Według przewodniczącego RMP Grzegorza Ganowicza nie da się oddzielić treści stanowiska od wystąpienia radnego Rozmiarka na poprzedniej sesji. Odnosząc się do napisu na dworcu, podkreślał, że młody człowiek dokonał rekonstrukcji historycznej nawiązując do hasła dotyczącego PZPR. - Czy PiS odnosi to do siebie? - pytał Ganowicz. Wypomniał też politykom PiS, że o dewastacji mówią kiedy ktoś zaatakuje ich formację, a nie wnosili stanowiska, kiedy w Poznaniu np. pobito muzułmanina, nie zajmują stanowiska wobec dewastacji mediów publicznych. - Nie głosując za tym stanowiskiem nie opowiadam się za wandalizmem, jestem przeciwko hipokryzji, bo takie stanowisko jest hipokryzją, a tego nam robić nie wolno - podkreślał Ganowicz.

Radni PiS zarzucali z kolei hipokryzję drugiej stronie. Radna Sara Szynkowska vel Sęk stwierdziła, że nie przekonuje jej argument o zmywalnej farbie. - Co gdyby zrobiono to w Sali Sesyjnej? - pytała.

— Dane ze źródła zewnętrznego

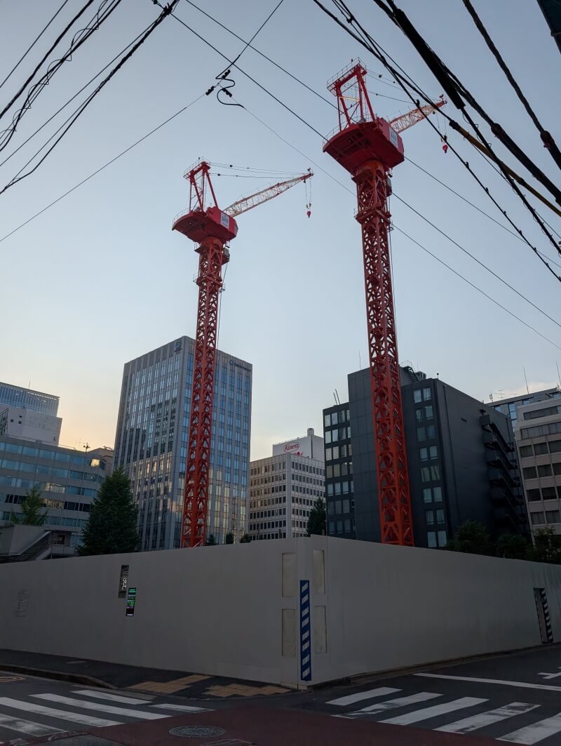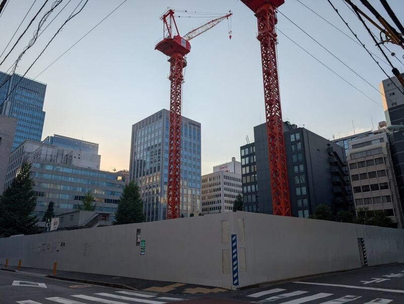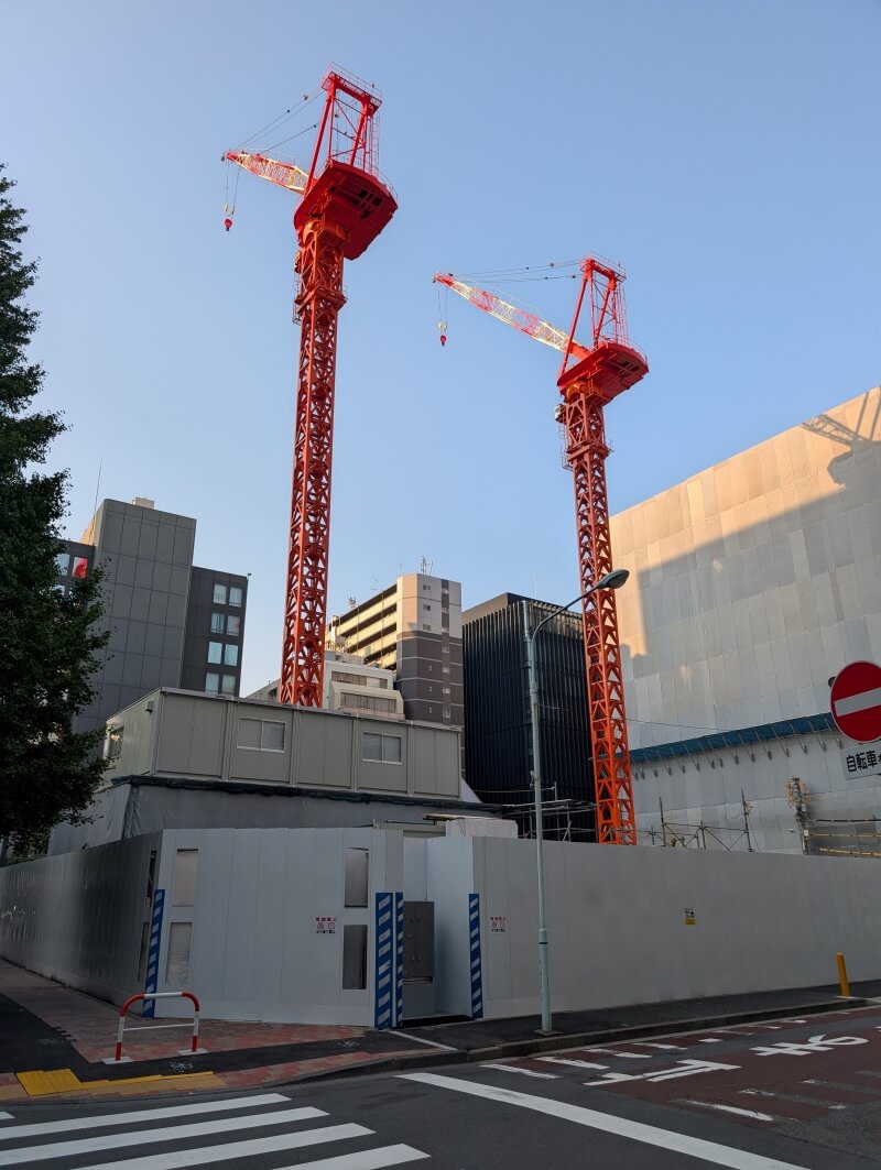 昭和通り沿いの南側から、17階81m「(仮称)野村不動産日本橋本町ビル計画」の敷地を見た様子です。2基のタワークレーンが出現していました。
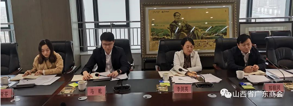 2022年4月21日下午,山西省工商联党组成员、副主席李剑英,山西省工商联经济部部长郑银河,经济部副部长马乾,经济部李亚芬一行来到亚佳大厦,与山西省广东商会(中国晋商俱乐部联合发起机构)及山西省浙江商会进行了座谈,落实省委、省政府工作部署,聚焦市场主体倍增、太忻一体化经济区建设等工作,就«山西省促进服务业领域困难行业恢复发展若干措施»、«山西省促进工业经济平稳增长行动方案»等政策措施进行了交流互动,并就商会围绕弘扬晋商精神、全方位推动高质量发展、市场主体倍增、清廉民企建设等相关工作进行推动。山西省广东商会党支部书记李楚忠,轮值会长庄绵升,常务副会长李毅,副会长苏丽平、刘志东,秘书长马飞跃及秘书处全体参加了本次座谈。
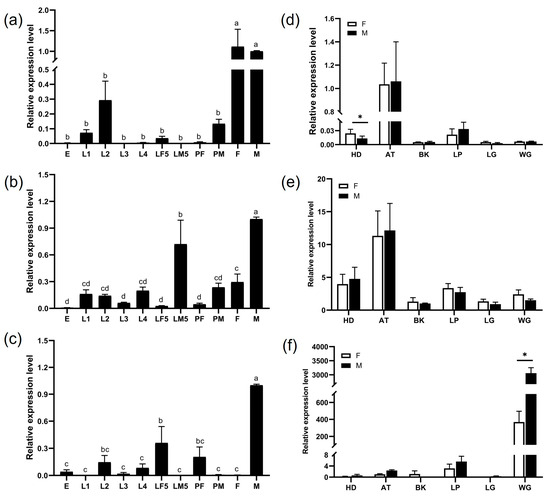 Relative mRNA expression of CpomGOBP2 in Cydia pomonella. (a) Tissue expression profile of CpomGOBP2a; (b) tissue expression profile of CpomGOBP2b; (c) tissue expression profile of CpomGOBP2c; (d) spatiotemporal expression profile of CpomGOBP2a; (e) spatiotemporal expression profile of CpomGOBP2b; (f) spatiotemporal expression profile of CpomGOBP2c. E: egg, L1: 1st instar larvae, L2: 2nd instar larvae, L3: 3rd instar larvae, L4: 4th instar larvae, LF5: 5th instar female larvae, LM5: 5th instar male larvae, PF: female pupa, PM: male pupa, F: female adult, M: male adult, HD: head, AT: antenna, BK: beak, LP: labipalp; LG: leg, WG: wing. All values are reported as the mean + SEM and normalized. Different letters mean the significant difference between different treated proteins (p < 0.05, ANOVA, Tukey’s HSD). * p < 0.05.
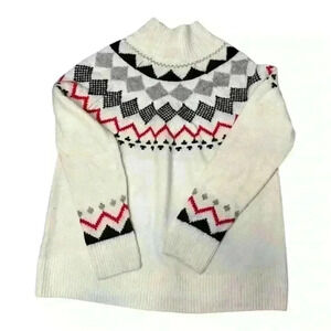 Vince Camuto Fair Isle Mock Neck Scandinavian Winter Style Sweater Size Small. Excellent used condition. Stylish white sweater with geometric patterns. Features red, black, and gray accents. Perfect for chilly days.
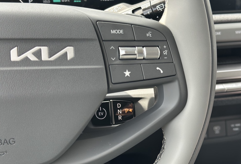 Em “troca”, a Kia oferece uma solução interessante: uma base deslizante, com efeito “flutuante”, que avança ou recua e concentra botões de condução como auto hold, câmara traseira, sensores de estacionamento e controlo de descida. Esta peça também pode servir de pequena mesa para uma refeição, uma bebida ou um portátil, útil para trabalho em movimento.
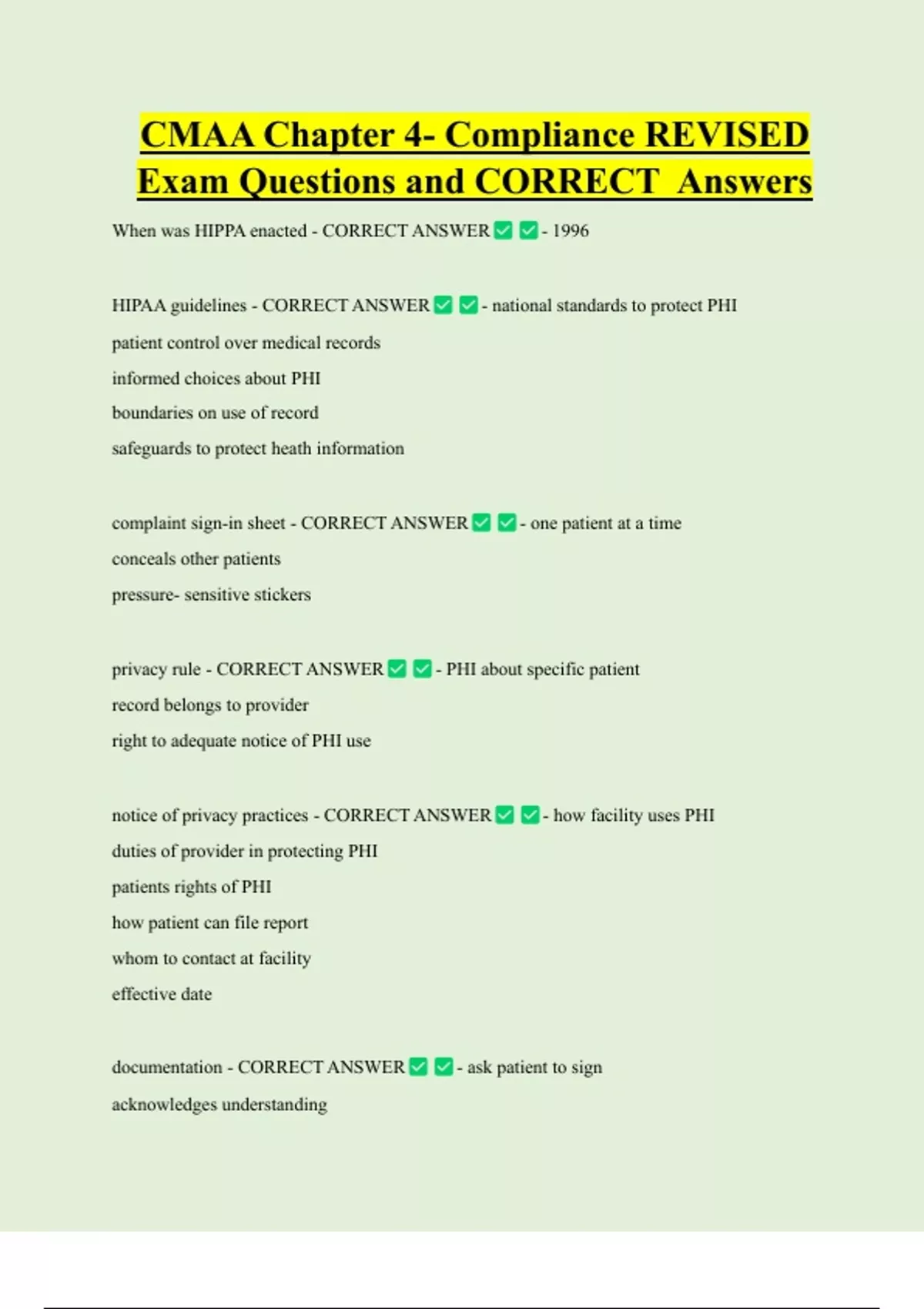 CMAA Chapter 4- Compliance REVISED Exam Questions and CORRECT Answers When was HIPPA enacted - CORRECT ANSWER - 1996 HIPAA guidelines - CORRECT ANSWER - national standards to protect PHI patient control over medical records informed choices about PHI boundaries on use of record safeguards to protect heath informati

Radna Ewa Jemielity zaprezentowała materiały z przestrzeni internetowej dokumentujące wiec i pikietę polityków opozycyjnych wobec PiS, w tym radnych, na których jej zdaniem mają miejsce zachowania hejterskie.

- PiS przegrało wybory i nie może się z tym pogodzić. Wprowadzacie politykę do tej sali, zajmijcie się miastem - replikowała radna Halina Owsianna

Na zakończenie radny Marej Sternalski zaproponował, aby powtórzyć akcję "Hejt stop" i zaprosić radnych PiS do usuwania napisów godzących w różne grupy i mniejszości.

Projekt stanowiska został odrzucony zdecydowaną większością głosów, poparł go jedynie klub PiS.

W dwóch uchwałach dotyczących Poznańskiego Ośrodka Specjalistycznych Usług Medycznych, Rada zgodziła się, aby na terenie POSUM nadal funkcjonowała ogólnodostępna, całodobowa apteka oraz wynajem powierzchni na cele świadczenia usług medycznych przez Wojewódzką Stację Pogotowia Ratunkowego.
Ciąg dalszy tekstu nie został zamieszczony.